Measurement Classification (Steven's Four Types)
* Nominal: Nominal responses are those that are essentially categorical and not set on any type of comparative scale. Colors or race are example of nominal responses. There is no quantitative or measurable difference between the colors red, black, orange, and blue, and taking an average of these responses wouldn't make sense. * Ordinal: Ordinal responses are categorical in nature but set to a scale that has noticeable differences. Likert scales are a good example of ordinal variables. For example, how satisfied are you of the job President Trump is doing? A Very satisfied B Satisfied C Indifferent D Unsatisfied E Very Unsatisfied However, it should be noted that although there are noticeable differences between these responses, the differences between gradations are not completely always uniform or measurable. For example, how far is satisfied from very satisfied? It isn't something that we can accurately measure. * Interval: Intervals are quantitative in nature. However, they do not have an actual zero. A good example of an interval response is temperature. * Ratio: Ratio's are quantitative in nature and have an absolute zero. For example, height, weight, volume, etc.
Experimental Content
* Response: This is the variable we want to measure. In ANOVA it is quantitative * Conditions: These are the different treatments that are causing the response. * Material: The material or the units are the things that we apply treatments to.
Sheffe Test
*Make sure the agricolae package is loaded sheffe.test(AnovaModel, "birthmonth", console = TRUE)

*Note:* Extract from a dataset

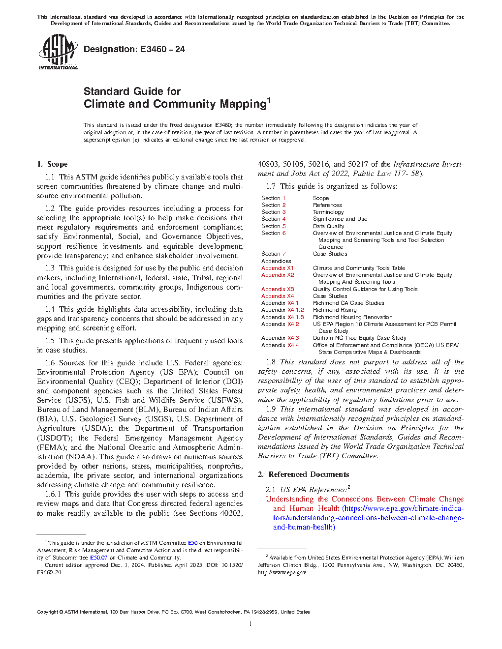 1.1 This ASTM guide identifies publicly available tools that screen communities threatened by climate change and multi-source environmental pollution.
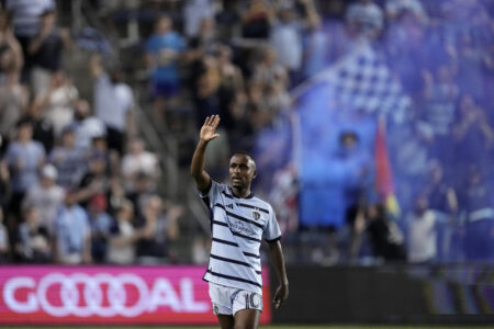 FILE - Sporting Kansas City midfielder Gadi Kinda waves to fans after scoring a goal during the first half of an MLS soccer match against FC Dallas Wednesday, May 31, 2023, in Kansas City, Kan. (AP Photo/Charlie Riedel, File)

What aspects should be included in a table?
- A title - Sample Size - Column percentages - Clearly labeled
Benefits of using logarithms
- Allows us to express terms in percentage changes - Useful when making comparisons across different measures
Kinds of Variability
There are three types of variability present in experiments: * Planned Systematic: This variability is one that we want in our studies. Examples of planned variability include choosing a random sample out that is representative of the population or using a random number generator to assign treatments to units. * Chancelike: Chancelike variability, as stated in the textbook, is something we can deal with. There is always going to be variation in the things we want to study, whether due to measurement error or actual differences in the material. However, we can assume that chancelike variability will act in predicable ways, meaning that some data points will be above the true average and some will be below, but in all, the observed average will still give us an accurate picture of the true average. * Unplanned Systematic: Unplanned systematic variability is the type that we don't want in our studies. This kind of variability can result from human bias or bias from nuisance factors. For example, in my airplane experiment, I threw my planes outdoors and the wind picked up during the process. The wind introduced unplanned variation because it distorted the true distances that the planes would have traveled, and it didn't affect them all equally -- sometimes the wind blew harder than others.
What are the Cumulative Frequencies and Cumulative Percentages in SPSS?
They tell us how many observations (or percentages) are accounted for up to and including that row in the table.